[[ DATASET CONTENT, beginning ]]
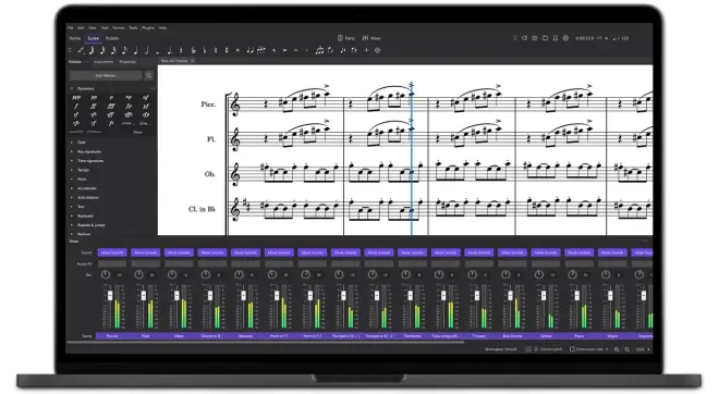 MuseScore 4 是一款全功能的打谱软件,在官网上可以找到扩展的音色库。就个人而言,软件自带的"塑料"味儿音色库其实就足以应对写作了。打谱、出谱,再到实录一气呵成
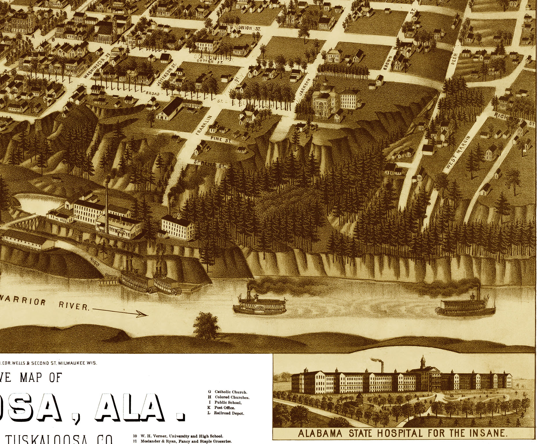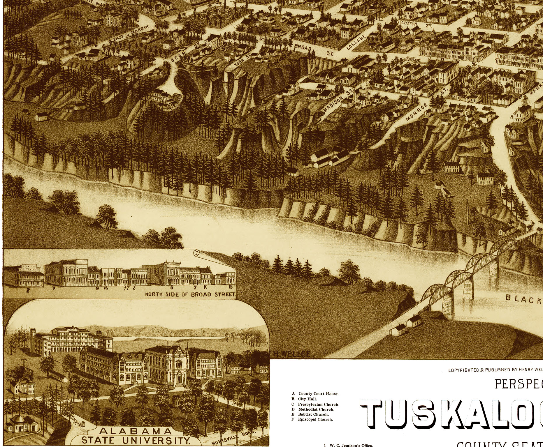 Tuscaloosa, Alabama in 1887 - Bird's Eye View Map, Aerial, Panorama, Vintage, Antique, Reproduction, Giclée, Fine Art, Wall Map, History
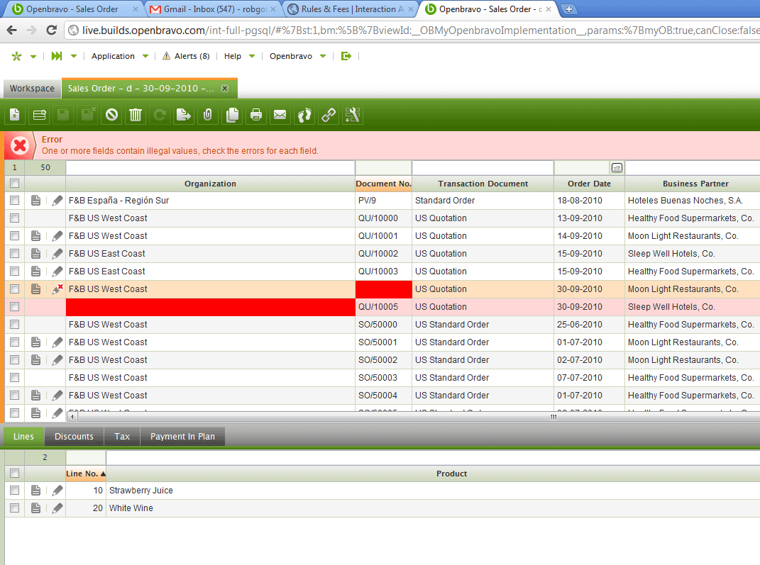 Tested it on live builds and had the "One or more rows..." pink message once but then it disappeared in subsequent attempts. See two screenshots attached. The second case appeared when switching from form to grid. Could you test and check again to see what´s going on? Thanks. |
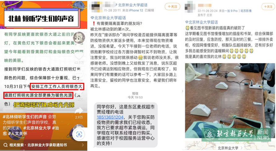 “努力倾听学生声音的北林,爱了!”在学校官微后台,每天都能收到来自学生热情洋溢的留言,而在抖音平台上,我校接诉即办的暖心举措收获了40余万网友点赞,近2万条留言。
[[ DATASET CONTENT, end ]]
Write out again every line above exactly as given; the pictures do not belong in the copy.

> YOUR SOLUTION:
 MuseScore 4 是一款全功能的打谱软件,在官网上可以找到扩展的音色库。就个人而言,软件自带的"塑料"味儿音色库其实就足以应对写作了。打谱、出谱,再到实录一气呵成
 Tuscaloosa, Alabama in 1887 - Bird's Eye View Map, Aerial, Panorama, Vintage, Antique, Reproduction, Giclée, Fine Art, Wall Map, History
 Tested it on live builds and had the "One or more rows..." pink message once but then it disappeared in subsequent attempts. See two screenshots attached. The second case appeared when switching from form to grid. Could you test and check again to see what´s going on? Thanks. |
 “努力倾听学生声音的北林,爱了!”在学校官微后台,每天都能收到来自学生热情洋溢的留言,而在抖音平台上,我校接诉即办的暖心举措收获了40余万网友点赞,近2万条留言。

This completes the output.